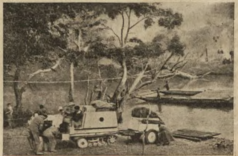
Wyprawa franc. samochodami przez Afrykę środkową: samochody przepływają się na tratwie przez rzekę pod równikiem.
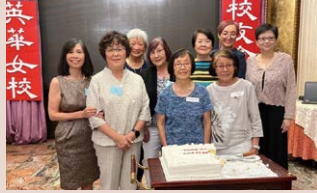
▲ Past and present committee members since our Chapter was set up in 1988
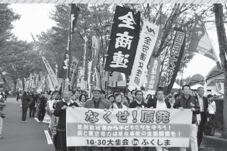
2011.10.30 なくせ原発10・30大集会 IN ぶくしま
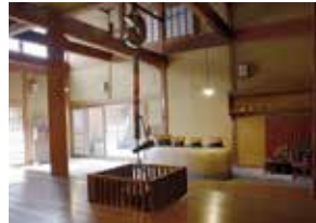
【右王舎】いま・通り土間
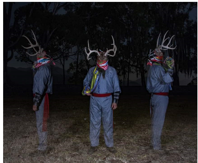
El venado cola blanca, la danza de los pukes en la cosmovisión de los P'urhepechas en Michoacán.

Dentro de la cosmovisión P'urhepecha, el puke es un ser mítico, un animal mitológico con cualidades, características, esencia, e identidad propia. Lo que le permite transmutar en un mismo baile y danza. Durante el día, agilidad, rapidez, saltos, los cuales van disminuyendo hacia la tarde, para convertirse en felino acompañado de la obscuridad, desplegando movimientos lentos, sigilosos, medidos, característicos de los felinos. Los pukes tienen presencia viva en Michoacán y son representados en las diferentes iconografías de los bordados de fajas, cintas y tejidos. Donde se afirma que es un felino, o un animal que posiblemente se perdió en el tiempo, pero aún se pone de manifiesto en los elementos ambientales y socio-culturales de la entidad.
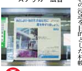
(上) JR大森駅の看板 (下) 地下鉄車内の ステッカー広告
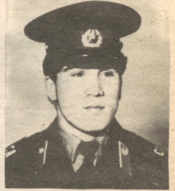
АЗАМАТ ҲАРБИЙ ХИЗМАТДА. 1986 ЙИЛ

қоришиб яшаса керак», дея хомуши тортиди.
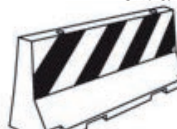
Barriera Alta Laterale
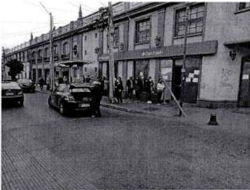
F7 Fila espera atención BancoEstado, paradero transporte público.

Fila bien ubicada apegada a la pared, indicación seremi a militares para ordenamiento.
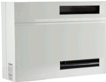
CDP-T svømmebadsaffugter til montage i teknikrum
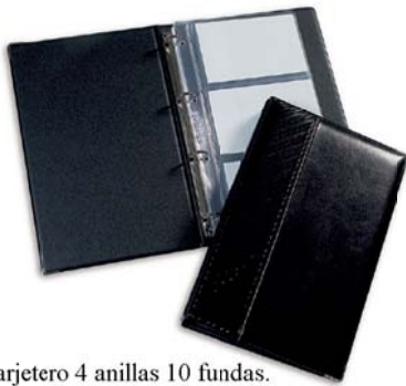
2621 Tarjetero 4 anillas 10 fundas.
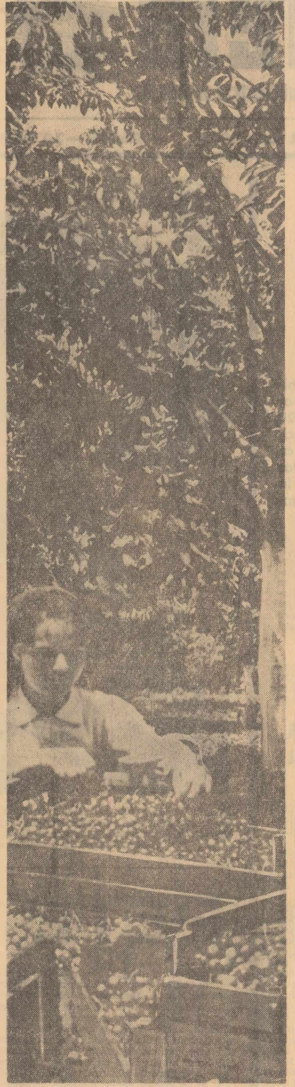
Recoltatul cireselor la G.A.S. Popești-Leordeni
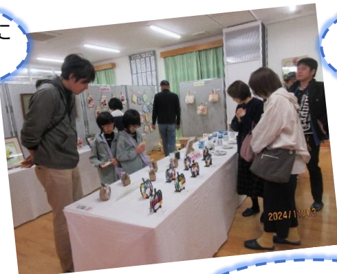
力作揃いの作品展示!
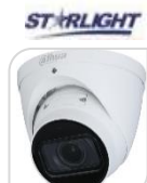
IPC- HDW3841TP-ZS-S2 € 710,00

8MP * CMOS 1 /2.7" * Ottica Motorizzata 2.7~13,5mm * STARLIGHT 0.008 lux@F1.5 * 2 Led 40m * SMART H.264+/H.265 * H.265 codec * ROI * WDR * 3D NR * HLC * BLC * IVS : Tripwire * Intrusion * Oggetto Abbandonato/Dimenticato * Motion detection * IP67 * IK10 * Slot Micro SD * 256G Alimentazione 12DC/PoE * Consumo <7.4W * METALLO ACCESSORI OPZIONALI: PFA137* PFB203W* PFA152-E*PFA200W*PFA106*PFB220C* PFB200C *DIMENSIONI: Φ122mmx88,9mm *PESO: kg 0,47
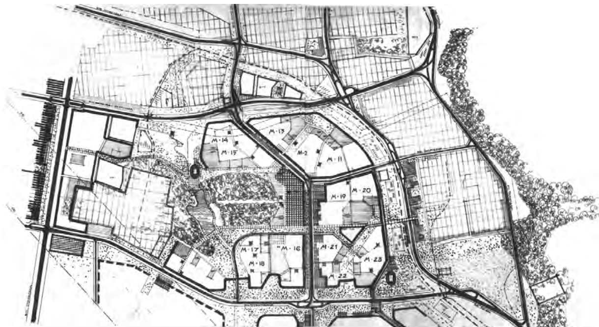
Рис. 1. Техніко-економічне обґрунтування забудови планувального району “Сихів”. М-11 – М-23 – мікрорайони планувального житлового району “Сихів”
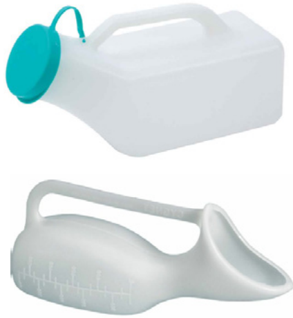
URINAL PARA MUJER Y HOMBRE
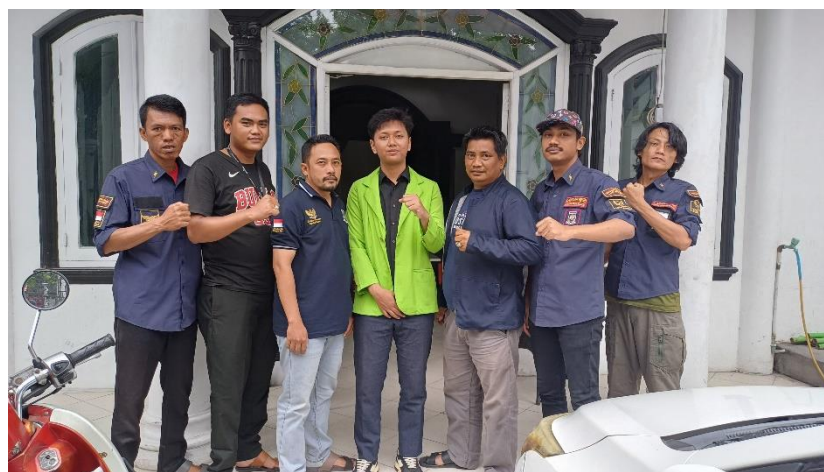
Wawancara dengan LSM Laskar NKRI
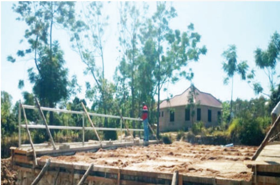
Matengenezo makubwa/ Ujenzi wa madaraja ya Kagenzi na Iponyabugali Kata ya Kayenze kwa gharama Sh. 98,539,560/=
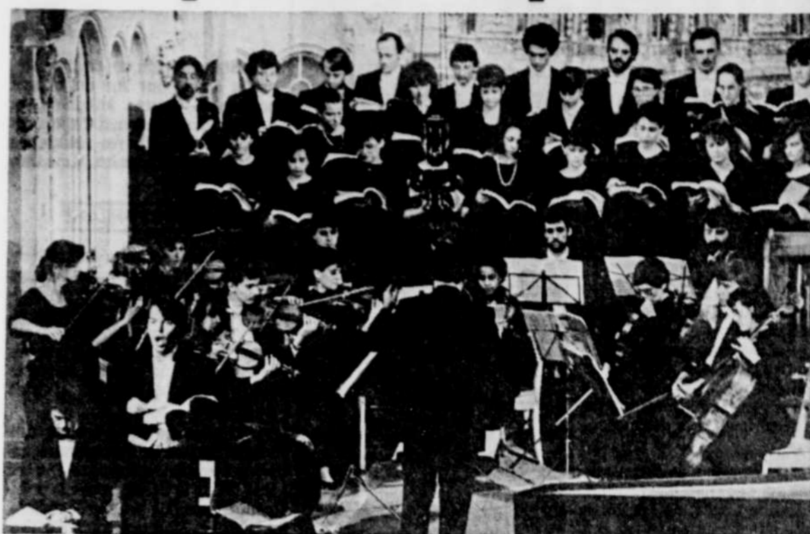
Les Violons du Roy et l'Ensemble vocal Bernard Labadie interprètent «Le Messie», hier, à la chapelle du Bon-Pasteur

Tel quel, Le Messie se voit décapé d'une bonne couche de la grandiloquence qui l'enveloppe souvent et retrouve la fraîcheur et la franchise de ses sorogines. Les airs de la basse Why do the Nations and The trumpet shall sound
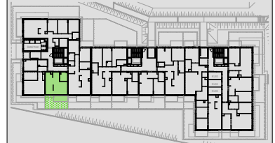
Lokalizacja mieszkania w budynku
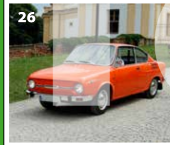
Škoda 110 R
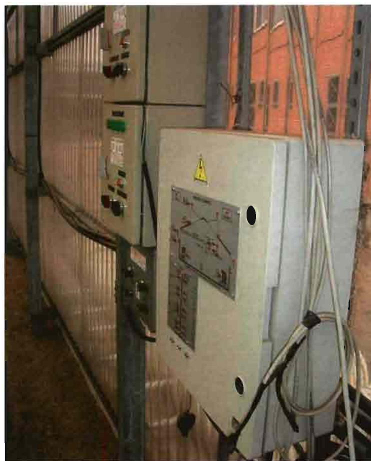
Los paneles de control tradicional pueden comunicarse y complementarse con un control remoto via GPRS.

GPRS. Podemos conocer en tiempo real el contenido de un depósito de agua alejado decenas de kilómetros, la presión de las tuberías de riego, la cantidad de grano en un silo, o la temperatura, humedad e iluminación de un invernadero, y todo ello por un coste similar al de una llamada de teléfono móvil.
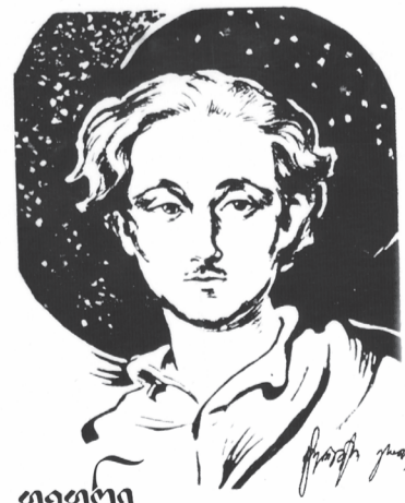
თეფრია ბაღის ანგელოზი
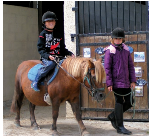
Poney à Saint-Pierre-Azif.
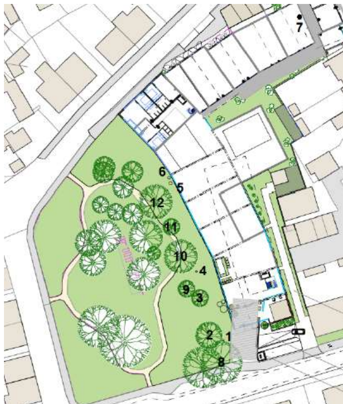
Figuur 8 | De bomen in het park
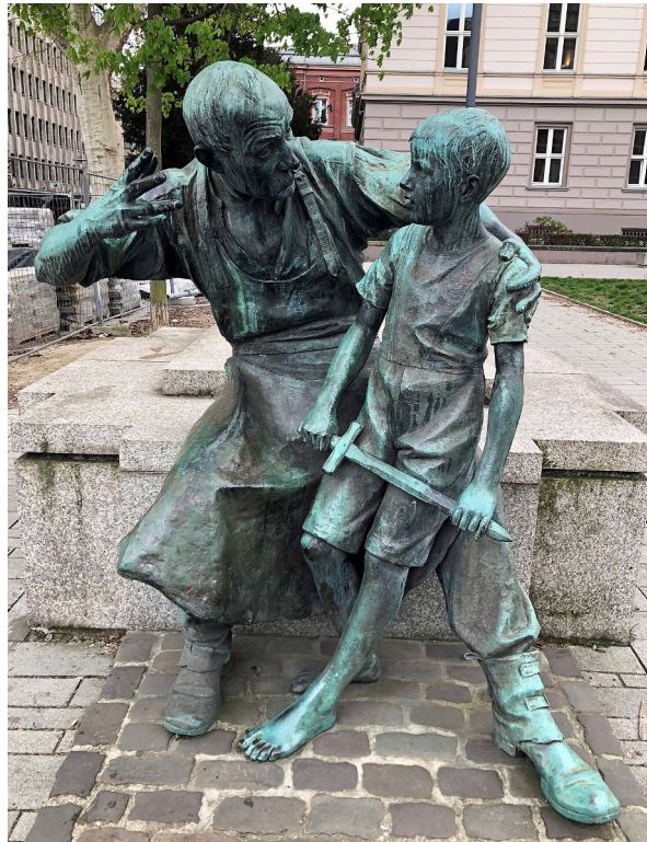
Reste des Moltke-Denkmal heute
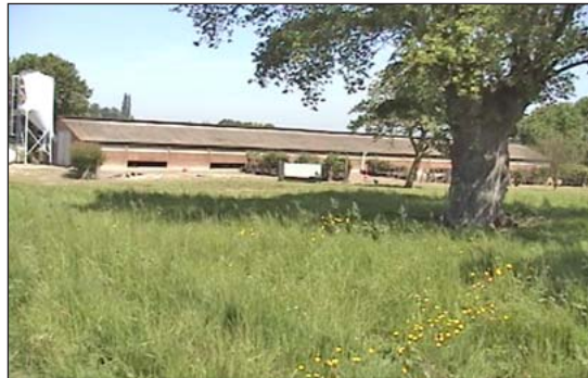
La producción libre en pastura se hace en escala grande o pequeña.

bajo ciertas circunstancias. Cuando se solicita la aprobación de una etiqueta, el productor debe de presentar una breve descripción de su gallinero, lo cual el USDA revisa para determinar que las aves tienen acceso hacia el exterior por lo menos la mitad de sus vidas. (6) en los EU, la definición de “huevos de pastura” requiere acceso al exterior con un máximo de cantidad de densidad de 1 gallina por 43 pies cuadrados (el equivalente a 1,000 gallinas por acre), y también requieren el uso de gallinero de “Granero” sistema antes mencionado. (4)
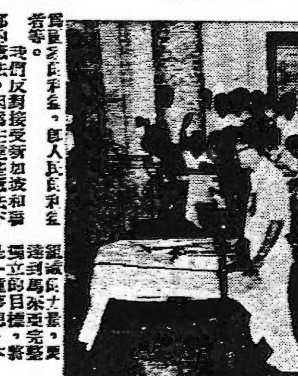
李光耀律師解釋建黨宗旨
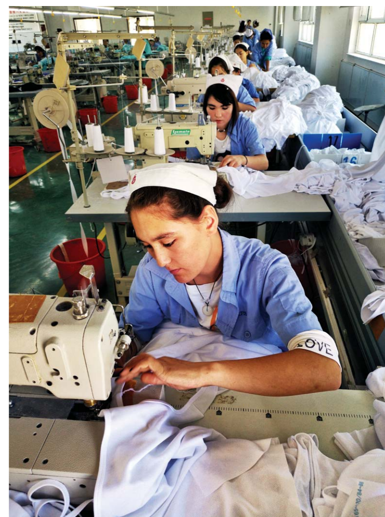
新疆即发华和服装有限公司缝纫车间内,维吾尔族女工正在工作。
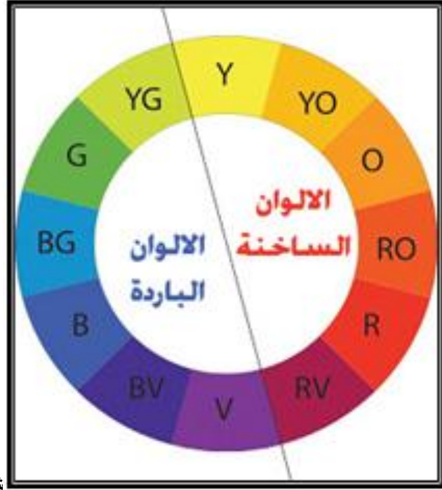
شكل رقم (٧)

الألوان الساخنة والباردة وتأثيراتها الألوان الساخنة تتضمن الأحمر والأصفر والبرتقالي وقد سميت بذلك لأنها تذكرنا بألوان النار والدم، وهي مصدر للدفيء أما الألوان الباردة تتضمن الأزرق والأخضر والبنفسجي، وقد سميت بذلك لأنها تتفق مع السماء والماء وهما مبعث البرودة، ومن أهم التأثيرات للألوان الباردة والساخنة إنها تلعب دورا كبيرا في الإحساس بالعمق فالألوان الساخنة تظهر أقرب إلي المشاهد وأكثر تقدما من الألوان الباردة. شكل رقم ٧
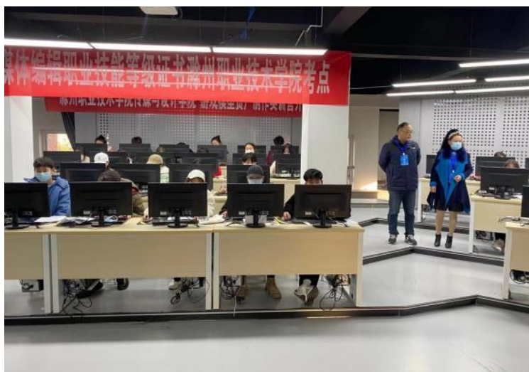
图8 凤凰“1+X”新媒体编辑（中级）考证现场
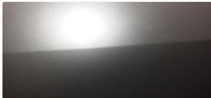
1.1 Noen steinsprang og riper i lakk
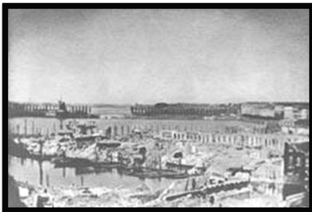
Figura 1 – Ruínas de Hamburgo, 1842 Autor Carl Friedrich Stelzener

Fonte: Livro Uma História Crítica do Fotojornalismo Ocidental

┄┄┄┄┄┄┄┄┄┄┄┄┄┄┄┄┄┄┄┄

● **WORK ORDER**
Check the data for the word "GPRS" and pull out the lines that have it.

● **RESULT OF THE TASK**
Los paneles de control tradicional pueden comunicarse y complementarse con un control remoto via GPRS.
GPRS. Podemos conocer en tiempo real el contenido de un depósito de agua alejado decenas de kilómetros, la presión de las tuberías de riego, la cantidad de grano en un silo, o la temperatura, humedad e iluminación de un invernadero, y todo ello por un coste similar al de una llamada de teléfono móvil.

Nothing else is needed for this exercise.